Comment se formalise la construction identitaire à travers l’appropriation de l’espace? Telle est la principale question à laquelle répond cet ouvrage. Loin des approches purement descriptives, l’auteur propose de sonder la sphère des significations liées aux pratiques d’appropriation à partir d’une double démarche de compréhension et d’explication. Il s’attache à décoder les sens que revêtent les pratiques socio-spatiales des jeunes et ce, depuis leur propre système de représentations et leurs relations à leur famille, relations qui sont parties prenantes de la formation de l’individu. L’une des hypothèses majeures est que l’appartenance à la rue passe par une identification socio-symbolique et qu’elle se réalise à travers le mythe de l’autonomie naturelle et par une « projection familialiste » qui nourrit les interactions des jeunes entre eux. Il s’agit pour ces derniers de sortir du non-sens. C’est pourquoi ils élaborent des repères de survie. La rue acquiert un statut d’espace transitionnel. Toutefois, cette socialisation marginalisée n’est pas exempte de dangers.

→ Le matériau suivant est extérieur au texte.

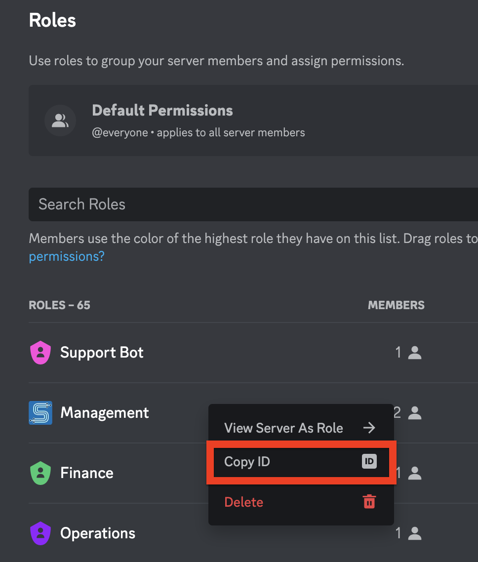 You can copy a Discord Role ID in your Discord server's `Settings` > `Roles` > Right-Click on the role > `Copy ID`
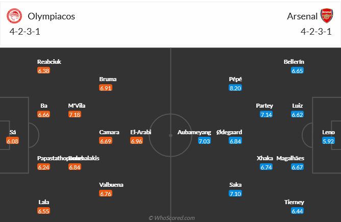 Việc từng đánh bại Arsenal ở mùa trước càng giúp Olympiacos tự tin vào một kết quả tốt trên sân nhà. Về mặt lực lượng, đội chủ nhà sẽ không có sự phục vụ của Avraam Papadopoulos, Ruben Semedo vì chấn thương, trong khi đó Sokratis Papastathopoulos và Marios Vrousai dính chấn thương nhẹ, khả năng ra sân còn bỏ ngỏ.
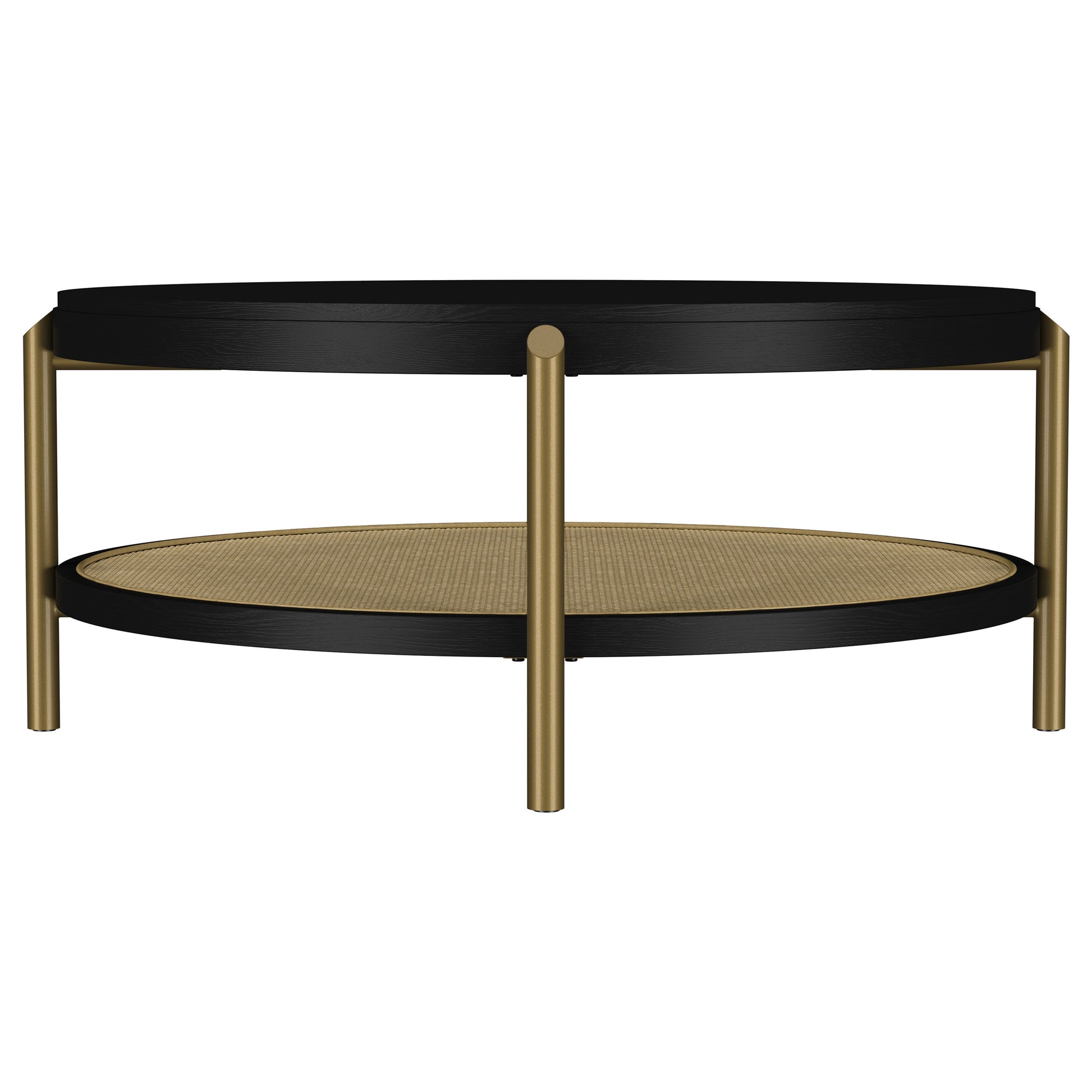 This round coffee table combines modern design with rustic charm, perfect for today’s living spaces. Crafted with rubberwood, engineered wood, and white ash veneer, its smooth finish highlights the natural wood grain for an organic appeal. The lower shelf features woven rattan, offering practical storage and a textured look. Supported by aged brass-finished metal legs, this cocktail table delivers a balance of durability and style, serving as a functional centerpiece for any living room or lounge area.
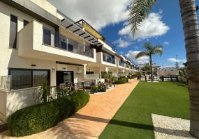 Semi-detached house in the exclusive Aldeas de Aguamarina residential area, located in Cabo Roig. The 72 m? home features 3 bedrooms, one of them on the ground floor, 2 full bathrooms, a spacious living-dining room, and a spacious separate kitchen with an open-plan utility room.. .
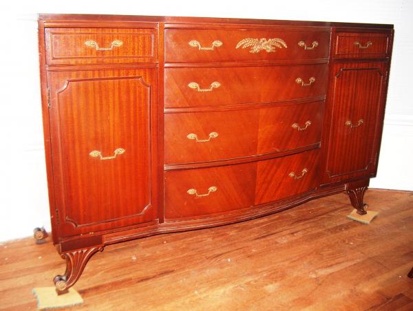 Dining room set including self-storing pedestal table with pads, four leaves, 2 arm chairs, 4 side chairs and buffet.  Very good condition.  All information is approximate.  More pictures upon request. Thanks for looking!
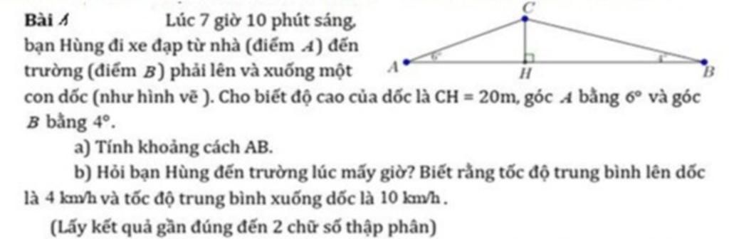 `=>AH=\frac{CH}{tanA}=\frac{20}{tan6^0}≈190,29(m)`
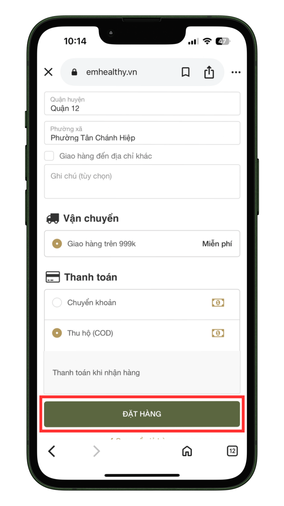 Bước 4: Nhập mã khuyến mãi (nếu có) và điền các thông tin của bạn để nhận đơn hàng, lựa chọn hình thức thanh toán và vận chuyển cho đơn hàng của mình. Kiểm tra lại đơn hàng và ấn Đặt hàng
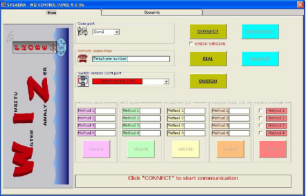 WIZ控制面板軟件(Wiz Control Panel,WCP)通過RS232串行端口與設備外部接口相連,即可對WIZ實現全功能操控。WCP不但可用于本地PC現場操控,還可用于附加了GSM裝置后的遠程操控:
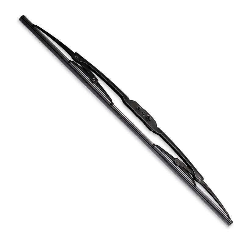 Чистящая резиновая лента в каркасных дворниках закреплена в развитом металлическом каркасе, это набор шарнирно закрепленных между собой рычагов, которые принято называть «коромыслами». На верхнем из них расположен узел крепления к поводку. Данная конструкция обеспечивает наилучшую прижимную силу даже на стеклах с высоким углом кривизны, облегчая подбор к любому автомобилю. Универсальный адаптер обеспечит возможность установки на большинство (более 95%) российских и иностранных автомобилей с традиционными типами поводков.
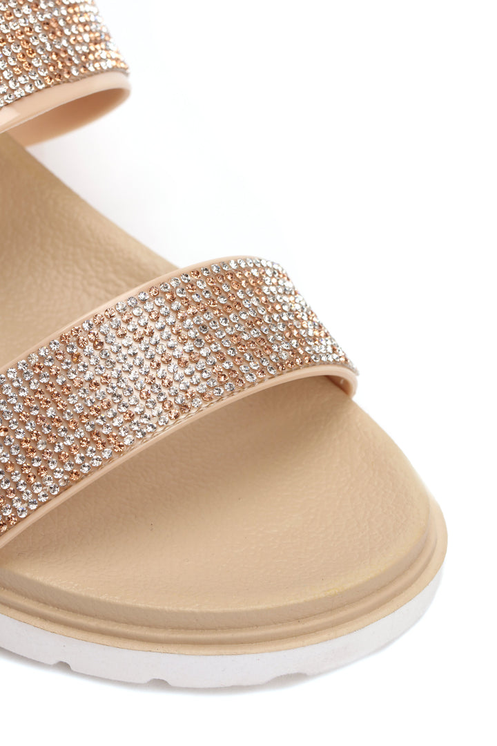 Available In Beige. | Double Strap | Adjustable Strap | Rhinestones
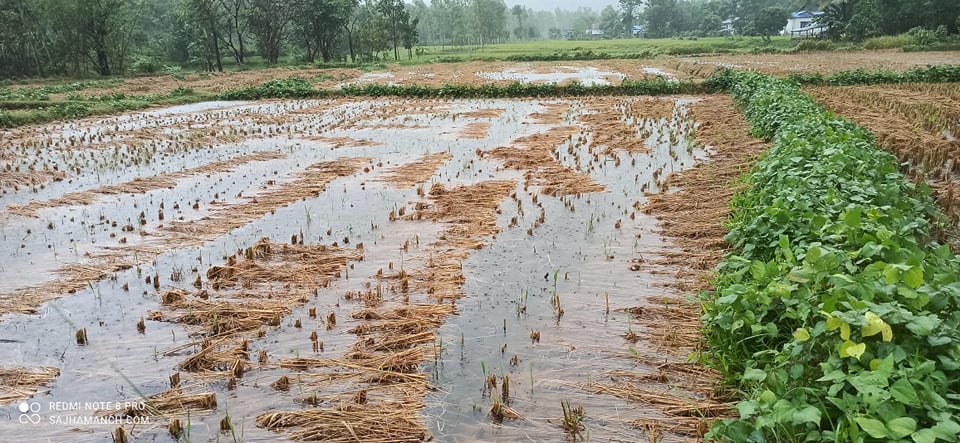 झापाको शिवसताक्षीमाका स्थानीय सीता गुरुङ्गको करिव एक विगाहमा लगाएको धानको पाँजा पानीमा डुबेको छ । धानको पाँजा उठाएर कुन्यू लगाउँने दिन नै पानी परेकाले पाँजा लगाएको धान खेतमै डुबेको बताउनु भयो ।
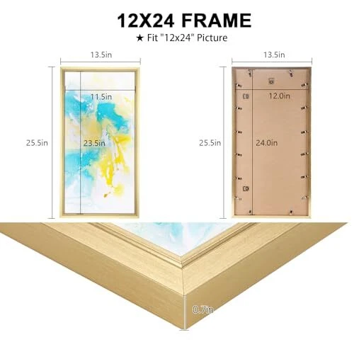 12x24 Picture Frame Poster Frame, Home Decor Natural Gallery 12x24in Gold
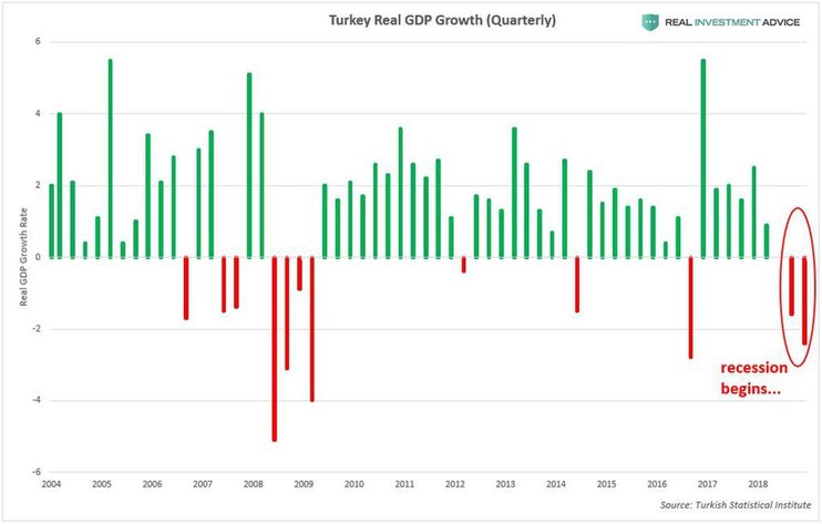 Что еще хуже, Турция находится в рецессии, после падения ВВП на 2,4% в IV квартале 2018 г. и на 1,6% в III квартале:

L’ouvrage se divise en trois parties. La première offre une lecture critique de la littérature scientifique consacrée à la marginalité. L’auteur souligne l’inanité des approches descriptives de comportements des jeunes de la rue et reproche aux travaux consacrés à cette catégorie de faire l’économie d’un traitement théorique de leurs concepts et de leurs catégories analytiques. La deuxième partie est consacrée à une mise à l’épreuve des hypothèses, à Montréal, à partir d’un échantillon de 30 jeunes âgés de 16 à 25 ans. Le traitement des données empiriques débouche sur une typologie des parcours. Le dernier volet est opératoire avec, à l’appui, la présentation d’un exemple de modèle d’intervention sociale. Selon l’auteur, la grande faiblesse des actions de prise en charge des jeunes réside dans leur dimension « familialiste ». Aussi souligne-t-il la nécessité d’instaurer de nouvelles formes d’identification en rupture avec ce modèle, notamment par l’intermédiaire de médiations d’inspiration socio-psychanalytique axée sur l’appropriation des actes sociaux et la formation du sujet. L’enjeu n’est pas alors de résoudre des problèmes, mais plutôt de favoriser la socialisation des jeunes.